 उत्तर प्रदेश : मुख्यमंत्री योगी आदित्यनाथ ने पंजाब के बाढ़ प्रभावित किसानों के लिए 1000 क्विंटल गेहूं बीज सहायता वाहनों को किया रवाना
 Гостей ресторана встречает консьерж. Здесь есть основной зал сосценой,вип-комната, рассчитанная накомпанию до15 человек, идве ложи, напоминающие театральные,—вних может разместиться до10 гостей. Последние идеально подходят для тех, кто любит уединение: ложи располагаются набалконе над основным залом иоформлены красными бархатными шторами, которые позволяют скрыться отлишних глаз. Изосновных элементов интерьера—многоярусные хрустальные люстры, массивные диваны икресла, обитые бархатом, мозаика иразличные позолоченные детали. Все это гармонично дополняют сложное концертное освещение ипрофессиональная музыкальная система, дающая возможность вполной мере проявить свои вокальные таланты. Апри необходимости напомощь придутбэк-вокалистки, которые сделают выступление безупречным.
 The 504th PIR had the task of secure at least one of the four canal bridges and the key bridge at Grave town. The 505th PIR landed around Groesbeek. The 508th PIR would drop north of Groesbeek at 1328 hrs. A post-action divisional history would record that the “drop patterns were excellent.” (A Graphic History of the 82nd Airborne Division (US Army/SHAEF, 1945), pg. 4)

* * *

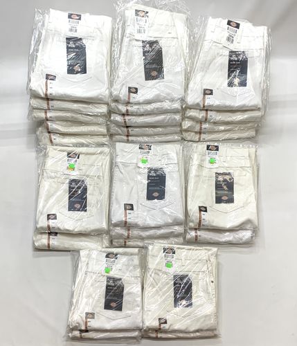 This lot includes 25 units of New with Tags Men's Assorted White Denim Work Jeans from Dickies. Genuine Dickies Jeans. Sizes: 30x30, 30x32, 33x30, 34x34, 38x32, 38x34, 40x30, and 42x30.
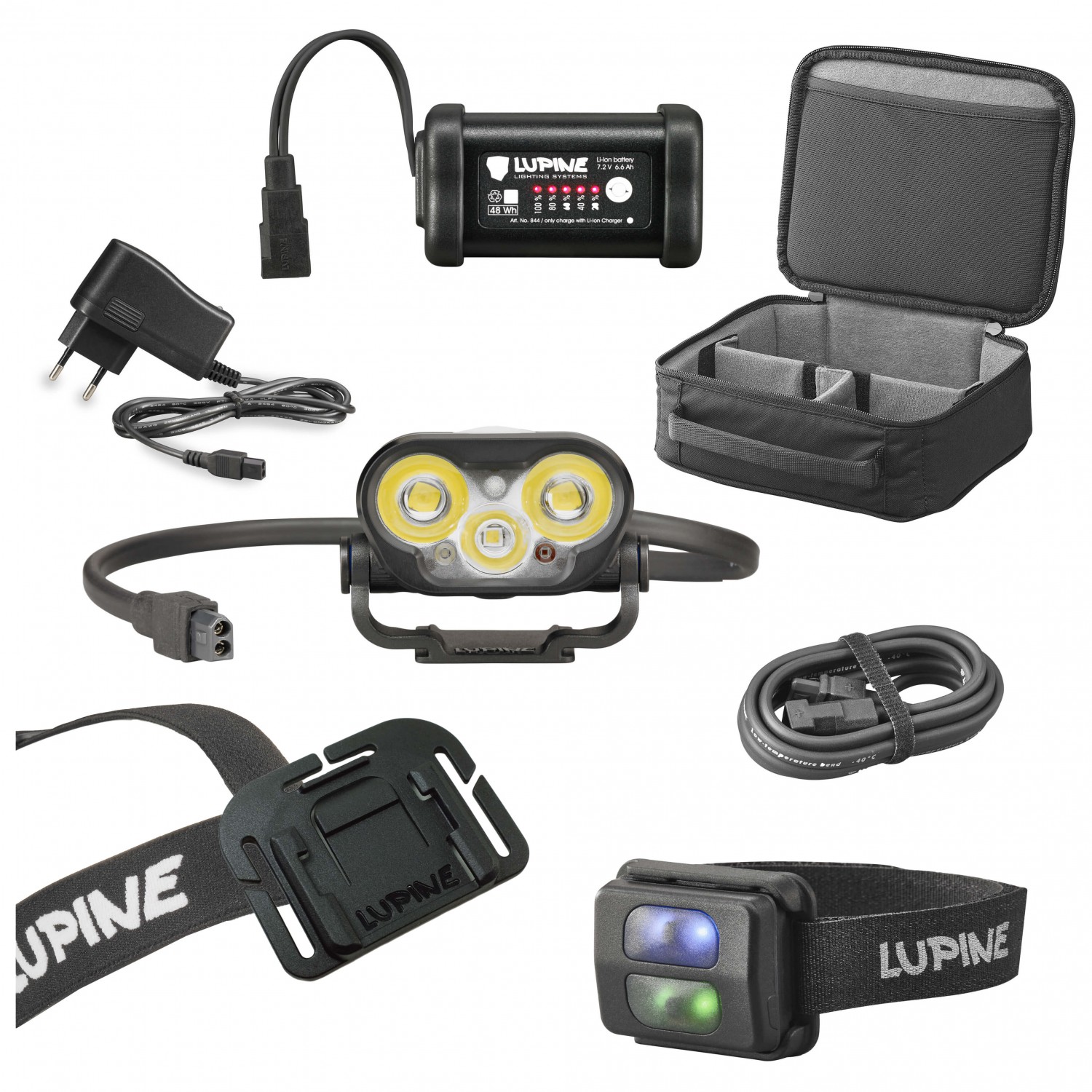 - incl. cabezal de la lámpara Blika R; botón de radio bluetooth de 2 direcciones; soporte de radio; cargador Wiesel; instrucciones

---

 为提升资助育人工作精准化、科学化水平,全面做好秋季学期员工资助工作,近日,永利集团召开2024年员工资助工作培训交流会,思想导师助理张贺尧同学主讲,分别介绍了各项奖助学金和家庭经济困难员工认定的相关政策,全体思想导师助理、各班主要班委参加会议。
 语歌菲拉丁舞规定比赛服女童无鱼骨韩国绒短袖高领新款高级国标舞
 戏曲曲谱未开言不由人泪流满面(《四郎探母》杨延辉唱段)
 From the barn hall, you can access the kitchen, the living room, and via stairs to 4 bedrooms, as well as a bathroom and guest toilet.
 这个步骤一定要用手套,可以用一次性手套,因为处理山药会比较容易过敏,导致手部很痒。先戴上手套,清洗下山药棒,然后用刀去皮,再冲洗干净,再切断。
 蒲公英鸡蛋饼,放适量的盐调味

Aim of the task:
The entries above hold a line with "उत्तर प्रदेश : मुख्यमंत्री" and a later line with "The 504th PIR". Write out exactly those lines and all lines between, nothing more.

Written response:
 उत्तर प्रदेश : मुख्यमंत्री योगी आदित्यनाथ ने पंजाब के बाढ़ प्रभावित किसानों के लिए 1000 क्विंटल गेहूं बीज सहायता वाहनों को किया रवाना
 Гостей ресторана встречает консьерж. Здесь есть основной зал сосценой,вип-комната, рассчитанная накомпанию до15 человек, идве ложи, напоминающие театральные,—вних может разместиться до10 гостей. Последние идеально подходят для тех, кто любит уединение: ложи располагаются набалконе над основным залом иоформлены красными бархатными шторами, которые позволяют скрыться отлишних глаз. Изосновных элементов интерьера—многоярусные хрустальные люстры, массивные диваны икресла, обитые бархатом, мозаика иразличные позолоченные детали. Все это гармонично дополняют сложное концертное освещение ипрофессиональная музыкальная система, дающая возможность вполной мере проявить свои вокальные таланты. Апри необходимости напомощь придутбэк-вокалистки, которые сделают выступление безупречным.
 The 504th PIR had the task of secure at least one of the four canal bridges and the key bridge at Grave town. The 505th PIR landed around Groesbeek. The 508th PIR would drop north of Groesbeek at 1328 hrs. A post-action divisional history would record that the “drop patterns were excellent.” (A Graphic History of the 82nd Airborne Division (US Army/SHAEF, 1945), pg. 4)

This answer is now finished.